Она потупила взгляд и задумалась.
-- Гермина, -- воскликнул я с нежностью, -- сестpa, какие
хорошие у тебя глаза! И все-таки ты обучила меня фокстроту! Но
как это понимать, что такие люди, как мы, с одним лишним
измерением, не могут здесь жить? В чем тут дело? Это лишь в
наше время так? Или это всегда было?
-- Не знаю. К чести мира готова предположить, что все дело
лишь в нашем времени, что это только болезнь, только нынешняя
беда. Вожди рьяно и успешно работают на новую войну, а мы тем
временем танцуем фокстрот, зарабатываем деньги и едим шоколадки
-- ведь в такое время мир должен выглядеть скромно. Будем
надеяться, что другие времена были лучше и опять будут лучше,
богаче, шире, глубже. Но нам это не поможет. И, может быть, так
всегда было...
-- Всегда так, как сегодня? Всегда мир только для
политиков, спекулянтов, лакеев и кутил, а людям нечем дышать?
-- Ну да, я этого не знаю, никто этого не знает. Да и не
все ли равно? Но я, друг мой, думаю сейчас о твоем любимце, о
котором ты мне иногда рассказывал и читал письма, о Моцарте. А
как было с ним? Кто в его времена правил миром, снимал пенки,
задавал тон и имел какой-то вес -- Моцарт или дельцы, Моцарт
или плоские людишки? А как он умер и как похоронен? И наверно,
думается мне, так было и будет всегда, и то, что они там в
школах называют "всемирной историей", которую полагается для
образования учить наизусть, все эти герои, гении, великие
подвиги и чувства -- все это просто ложь, придуманная школьными
учителями для образовательных целей и для того, чтобы чем-то
занять детей в определенные годы. Всегда так было и всегда так
будет, что время и мир, деньги и власть принадлежат мелким и
плоским, а другим, действительно людям, ничего не принадлежит.
Ничего, кроме смерти60.
-- И ничего больше?
-- Нет, еще вечность.
-- Ты имеешь в виду имя, славу в потомстве?
-- Нет, волчонок, не славу -- разве она чего-то стоит? И
неужели ты думаешь, что все действительно настоящие и в полном
смысле слова люди прославились и известны потомству?
-- Нет, конечно.
-- Ну, вот, значит, не славу! Слава существует лишь так,
для образования, это забота школьных учителей.
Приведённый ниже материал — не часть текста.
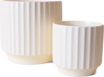 Introducing the Monroe Pot in the shade Rainforest: a modern piece of plant paradise in the perfect dark green hue ready to spruce up any space! It s fluted design features modern straight sides, and comes with a drainage hole and plug for your convenience. Plus, it s finished with a luxurious satin glaze and available in three sizes for any plant.
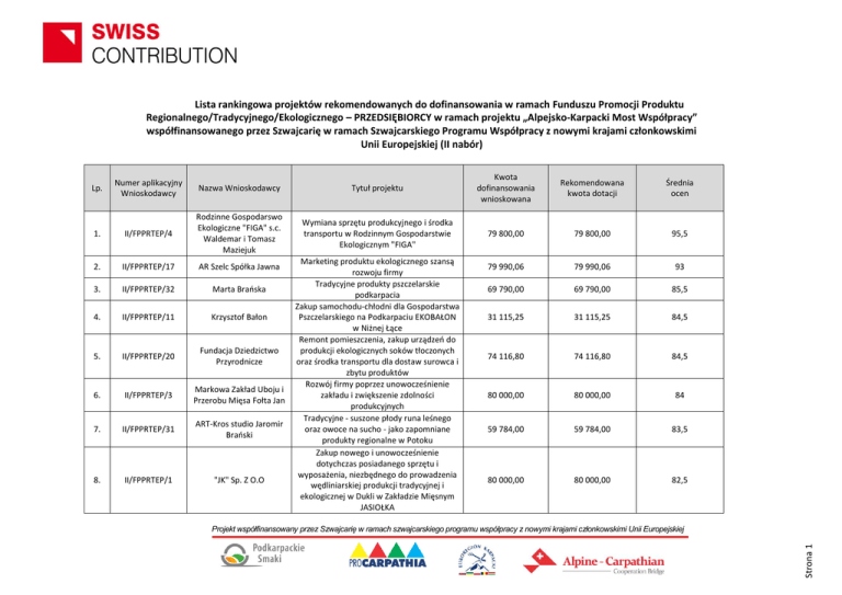Lista rankingowa projektów rekomendowanych do dofinansowania w ramach Funduszu Promocji Produktu Regionalnego/Tradycyjnego/Ekologicznego – PRZEDSIĘBIORCY w ramach projektu „Alpejsko-Karpacki Most Współpracy” współfinansowanego przez Szwajcarię w ramach Szwajcarskiego Programu Współpracy z nowymi krajami członkowskimi Unii Europejskiej (II nabór) Numer aplikacyjny Wnioskodawcy Nazwa Wnioskodawcy Tytuł projektu Kwota dofinansowania wnioskowana Rekomendowana kwota dotacji Średnia ocen 1. II/FPPRTEP/4 Rodzinne Gospodarswo Ekologiczne "FIGA" s.c. Waldemar i Tomasz Maziejuk Wymiana sprzętu produkcyjnego i środka transportu w Rodzinnym Gospodarstwie Ekologicznym "FIGA" 79 800,00 79 800,00 95,5 2. II/FPPRTEP/17 AR Szelc Spółka Jawna 79 990,06 79 990,06 93 3. II/FPPRTEP/32 Marta Brańska 69 790,00 69 790,00 85,5 4. II/FPPRTEP/11 Krzysztof Bałon 31 115,25 31 115,25 84,5 5. II/FPPRTEP/20 Fundacja Dziedzictwo Przyrodnicze 74 116,80 74 116,80 84,5 6. II/FPPRTEP/3 Markowa Zakład Uboju i Przerobu Mięsa Fołta Jan 80 000,00 80 000,00 84 7. II/FPPRTEP/31 ART-Kros studio Jaromir Brański 59 784,00 59 784,00 83,5 8. II/FPPRTEP/1 "JK" Sp. Z O.O 80 000,00 80 000,00 82,5 Marketing produktu ekologicznego szansą rozwoju firmy Tradycyjne produkty pszczelarskie podkarpacia Zakup samochodu-chłodni dla Gospodarstwa Pszczelarskiego na Podkarpaciu EKOBAŁON w Niżnej Łące Remont pomieszczenia, zakup urządzeń do produkcji ekologicznych soków tłoczonych oraz środka transportu dla dostaw surowca i zbytu produktów Rozwój firmy poprzez unowocześnienie zakładu i zwiększenie zdolności produkcyjnych Tradycyjne - suszone płody runa leśnego oraz owoce na sucho - jako zapomniane produkty regionalne w Potoku Zakup nowego i unowocześnienie dotychczas posiadanego sprzętu i wyposażenia, niezbędnego do prowadzenia wędliniarskiej produkcji tradycyjnej i ekologicznej w Dukli w Zakładzie Mięsnym JASIOŁKA Projekt współfinansowany przez Szwajcarię w ramach szwajcarskiego programu współpracy z nowymi krajami członkowskimi Unii Europejskiej Strona 1 Lp. II/FPPRTEP/23 10. II/FPPRTEP/2 11. II/FPPRTEP/10 12. II/FPPRTEP/29 13. II/FPPRTEP/8 14. II/FPPRTEP/9 15. II/FPPRTEP/16 16. II/FPPRTEP/6 17. II/FPPRTEP/15 18. II/FPPRTEP/19 19. II/FPPRTEP/25 Trafunek - Kontynuator Tradycji Kulinarnych Regionu Podkarpacia Specjalistyczne placówki handlowe w Krośnie z żywnością zdrową, tradycyjną, Beata Gosztyła ekologiczną, głównie pochodzącą od producentów lokalnych i regionalnych Poprawa jakości oferowanych produktów Zakład Pieczywa Trwałego, tradycyjnych Zakładu Pieczywa Trwałego w Bogumiła Ramska Rzeszowie poprzez inwestycję w maszyny i urządzenia Promowanie Produktu Tradycyjnego na Izabela Szczęch terenie Podkarpacia przez ZPC "IZA" Izabela Szczęch w Rzeszowie Jerzy Bańkowski Modernizacja pasieki pszczelarskiej Wzrost produkcji wyrobów tradycyjnych w Zakład Masarski Rafał zakładzie masarskim Rafał Dźwierzyński Dźwierzyński wynikiem zakupu nowoczesnego sprzętu i specjalistycznego samochodu Ulepszenie procesu pakowania płodów runa Muszyński Waldemar leśnego Zakup urządzeń i uruchomienie produkcji ziemniaka faszerowanego i placka Gościniec Janusz Jarosz rzeszowiaka - jako produktów regionalnych z Podkarpacia w restauracji Gościeniec Przedsiębiorstwo Rozszerzenie asortymentu i ekologia szansą Wielobranżowe Kurcoń rozwoju przedsiębiorstwa Wojciech UNIW-MŁYN Remont stodoły w gospodarstwie rolnym w Leszczawie Dolnej i budowa w niej pieca Elżbieta Krystyna tradycyjnego z piecem chlebowym oraz Skrzyszowska suszarni grzybów i owoców wraz z zapleczem Otwarcie sklepu z produktami tradycyjnymi, regionalnymi i lokalnymi pod zarejestrowaną P.P.U.H. TANIA Sp. Z O.O. marką "WYROBY OD BABCI" oraz wprowadzenie własnych wyrobów regionalnych i lokalnych Trafunek BIS Sp. Z O.O. 40 039,75 40 039,75 81 80 000,00 80 000,00 80 79 996,00 79 996,00 80 54 000,00 54 000,00 79,5 30 600,00 30 600,00 79 80 000,00 80 000,00 79 77 910,00 77 910,00 79 23 697,60 23 697,60 77,5 31 170,00 31 170,00 77,5 20 319,31 20 319,31 77 79 800,00 79 800,00 77 Projekt współfinansowany przez Szwajcarię w ramach szwajcarskiego programu współpracy z nowymi krajami członkowskimi Unii Europejskiej Strona 2 9. Zwiększenie konkurencyjności i rozwój firmy SOŁTYS z Mielca, poprzez zakup niezbędnego sprzetu Modernizacja pomieszczeń produkcyjnych piekarni oraz zakup sprzętu piekarniczego celem wypieku tradycyjnego pieczywa regionalnego pod nazwą chleb żytni razowy Utworzenie tradycyjnej wytwórni soku jabłkowego jako element komercjalizacji produkcji soków na terenie Albigowej 20. II/FPPRTEP/34 Potępa Mariusz SOŁTYS 21. II/FPPRTEP/13 Danuta Lachtara 22. II/FPPRTEP/30 Jacek Albigowski 23. II/FPPRTEP/14 LIGRA Grzegorz Schabiński Kulinarne Perły Podkarpacia w Jaśle 24. II/FPPRTEP/22 HERBUT ZBIGNIEW ZIBI BAR "KASYNO II" 25. II/FPPRTEP/26 Andrzej Łopata 26. II/FPPRTEP/7 Renata Glazer Firma Cukiernicza "CIACHO" 27. II/FPPRTEP/18 Agnieszka Szczucińska Poprawa zaplecza technologicznego firmy HERBUT ZBIGNIEW ZIBI BAR "KASYNO II" Modernizacja tradycyjnej suszarni owoców w Manasterzu oraz budowa infrastruktury jej towarzyszącej niezbędnej do wprowadzenia produktów na rynek Produkty tradycyjne ziemi brzozowskiej, szansą na rozwój gospodarki lokalnej - etap II Wracamy do tradycji. Ekologiczna pasieka i produkty pszczele oraz produkcja słomianych "mieszkanek" dla pszczół w Chmielowie 80 000,00 80 000,00 77 79 980,00 79 980,00 75 79 999,50 79 999,50 74 79 320,00 79 320,00 72,5 41 400,00 41 400,00 72 49 496,65 49 496,65 69 30 900,00 30 900,00 68,5 30 000,00 30 000,00 67 Strona 3 Projekt współfinansowany przez Szwajcarię w ramach szwajcarskiego programu współpracy z nowymi krajami członkowskimi Unii Europejskiej

Не славу, о нет!
А то, что я называю вечностью. Верующие называют это Царством
Божьим. Мне думается, мы, люди, мы все, более требовательные,
знающие тоску, наделенные одним лишним измерением, мы и вовсе
не могли бы жить, если бы, кроме воздуха этого мира, не было
для дыханья еще и другого воздуха, если бы, кроме времени, не
существовало еще и вечности, а она-то и есть царство истинного.
В нее входят музыка Моцарта и стихи твоих великих поэтов, в нее
входят святые, творившие чудеса, претерпевшие мученическую
смерть и давшие людям великий пример. Но точно так же входит в
вечность образ каждого, настоящего подвига, сила каждого
настоящего чувства, даже если никто не знает о них, не видит
их, не запишет и не сохранит для потомства. В вечности нет
потомства, а есть только современники.
-- Ты права, -- сказал я.
-- Верующие, -- продолжала она задумчиво, -- знали об этом
все-таки больше других. Поэтому они установили святых и то, что
они называют "ликом святых". Святые -- это по-настоящему люди,
младшие братья Спасителя. На пути к ним мы находимся всю свою
жизнь, нас ведет к ним каждое доброе дело, каждая смелая мысль,
каждая любовь. Лик святых -- в прежние времена художники
изображали его на золотом небосводе, лучезарном, прекрасном,
исполненном мира, -- он и есть то, что я раньше назвала
"вечностью". Это царство по ту сторону времени и видимости. Там
наше место, там наша родина, туда, Степной волк, устремляется
наше сердце, и потому мы тоскуем по смерти. Там ты снова
найдешь своего Гете, и своего Новалиса, и Моцарта, а я своих
святых, Христофора, Филиппе Нери61 -- всех. Есть много святых,
которые сначала были закоренелыми грешниками, грех тоже может
быть путем к святости, грех и порок. Ты будешь смеяться, но я
часто думаю, что, может быть, и мой друг Пабло -- скрытый
святой. Ах, Гарри, нам надо продраться через столько грязи и
вздора, чтобы прийти домой62! И у нас нет никого, кто бы повел
нас, единственный наш вожатый -- это тоска по дому.
Последние свои слова она произнесла опять еле слышно, и в
комнате наступила мирная тишина, солнце садилось, и золотые
литеры на многих корешках моих книг мерцали в его лучах. Я взял
в ладони голову Гермины, поцеловал ее в лоб и прижался щекой к
ее щеке -- по-братски. Несколько мгновений мы оставались в
такой позе. Я предпочел бы остаться в такой позе и уже никуда
сегодня не выходить. Но на эту ночь, последнюю перед большим
балом, Мария обещала себя мне.
По дороге к ней думал я, однако, не о Марии, а о том, что
сказала Гермина. Все это, так мне казалось, были, вероятно, не
ее собственные мысли, а мои, которые эта ясновидящая, прочтя и
вдохнув их в себя, воспроизвела мне так, что они обрели форму и
предстали передо мной в новом виде. За то, что она высказала
мысль о вечности, я был ей особенно благодарен в тот час. Мне
нужна была эта мысль, без нее я не мог жить и не мог умереть.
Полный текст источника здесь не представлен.